Testując fluid i szukając koloru najlepszego dla siebie, trzeba też pamiętać, że pierwsze wrażenie może być mylne. Kosmetyki mogą reagować na tlen oraz pH naszej skóry, zmieniając lekko odcień (na ogół nieco ciemnieją). Zanim więc z triumfem zawołamy: „to ten!” i ruszymy do kasy, dobrze jest odczekać choć 3-4 minuty, aby upewnić się, że kolor nadal perfekcyjnie stapia się z naszą karnacją. Nie powinien być ani jaśniejszy, ani ciemniejszy.

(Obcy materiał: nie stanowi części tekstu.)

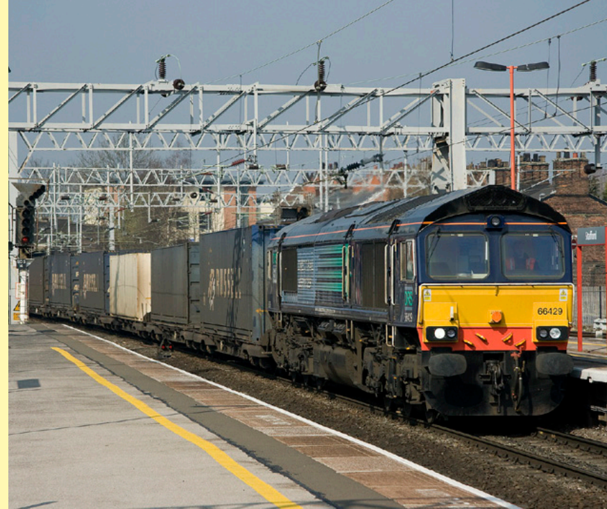
Above: DRS Class 66 429 passes through sunny Stafford on 20th March with the southbound Malcolm service.
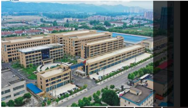
Jiangxi Intelligent Park
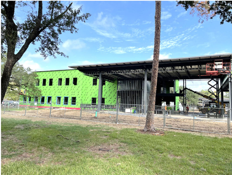
Two story Academic Wing on the left in green sheathing and library steel framing on the right
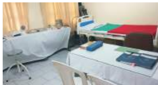
Medical Inspection Room

(d) Medical Care: All Students are expected to cater for their own medical care. If the student is a dependent of an Army Personnel, he/she is expected to carry the 'dependent card' for obtaining treatment at the Command Hospital, Chandimandir. Those students who are not dependent of Army Personnel must carry with themselves adequate health insurance cover. However, facility of an MI room has been provided in the campus.
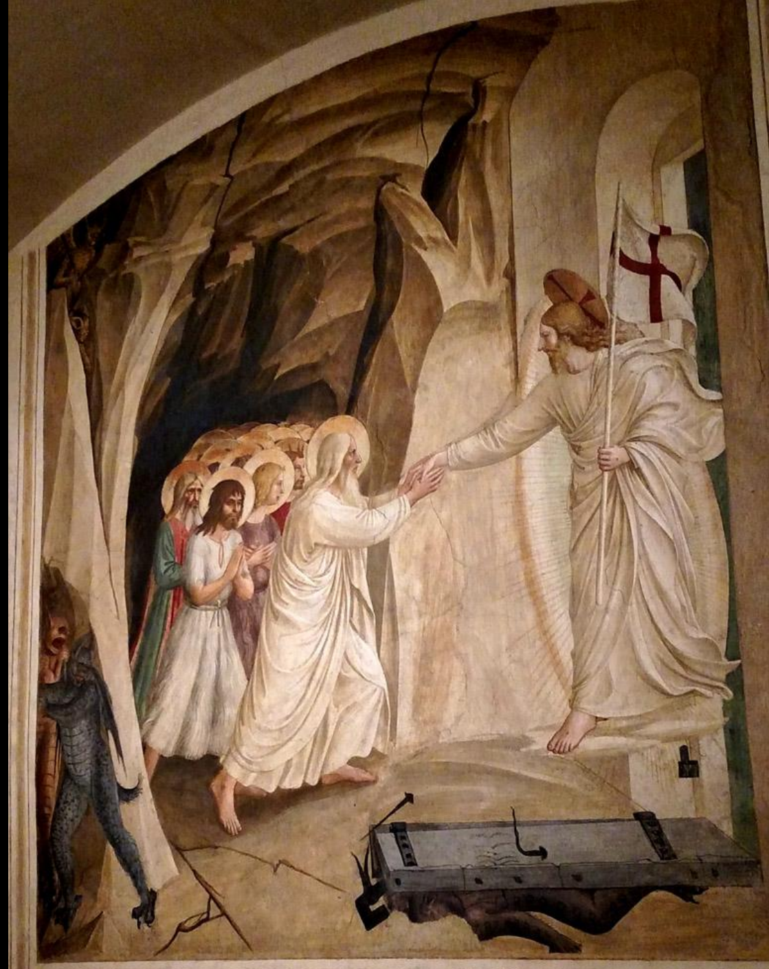
School of Fra Angelico The Anastasis (Harrowing of Hell)

Idealnie byłoby wyjść na kilka minut z drogerii i przyjrzeć się nałożonemu kosmetykowi w świetle dziennym, wówczas bowiem mamy szansę ujrzeć jego prawdziwy kolor. Przy okazji warto przypomnieć, że większość z nas ma jaśniejszą skórę w okresie zimowym, latem zaś — ciemniejszą. To również trzeba brać pod uwagę, kupując nowy podkład. 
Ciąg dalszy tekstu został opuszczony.